EXCERPTED DATA
* * * * * * *
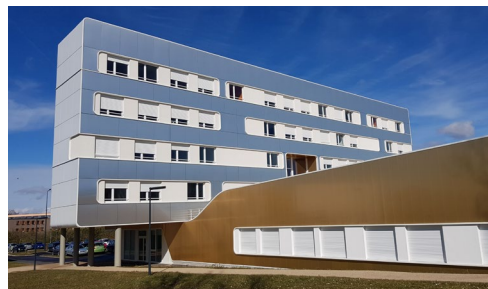
Vue arrière depuis la route d'Ars Laquenexy
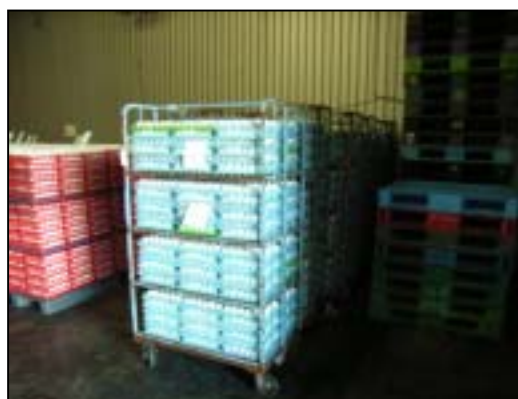
タマゴの通い函 (入庫時)
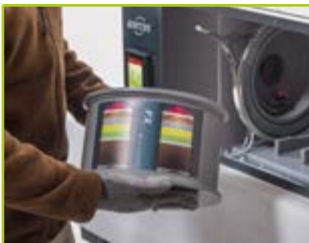
1 Gerät auspacken, Gehäusefront öffnen und Filter entnehmen

Die Anlieferung der FlameFlex- und ChemFlex-Schränke erfolgt in ihren zwei Einzelkomponenten. Nachdem der Schrank aufgestellt ist, können Sie den Umluftfilteraufsatz mit nur wenigen Handgriffen in Betrieb nehmen. Die Installation der steckerfertigen Umluftfilter-Technologie können Sie ganz einfach selbst durchführen. In vier Schritten ist ihr Gerät betriebsbereit:
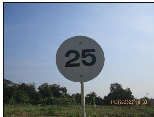
ภาพที่ 2.11 ป้ายจำกัดความเร็วไม่เกิน 25 กิโลเมตร/ชั่วโมง
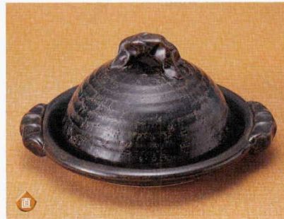
49106-664 織部8.0陶板(信楽焼) 13,200円 (30.5×26×16cm)
* * * * * * *
AIM OF THE TASK
Bring together all lines of the entries above in which the string "Gerät" occurs.

ANSWER SPACE
1 Gerät auspacken, Gehäusefront öffnen und Filter entnehmen
Die Anlieferung der FlameFlex- und ChemFlex-Schränke erfolgt in ihren zwei Einzelkomponenten. Nachdem der Schrank aufgestellt ist, können Sie den Umluftfilteraufsatz mit nur wenigen Handgriffen in Betrieb nehmen. Die Installation der steckerfertigen Umluftfilter-Technologie können Sie ganz einfach selbst durchführen. In vier Schritten ist ihr Gerät betriebsbereit:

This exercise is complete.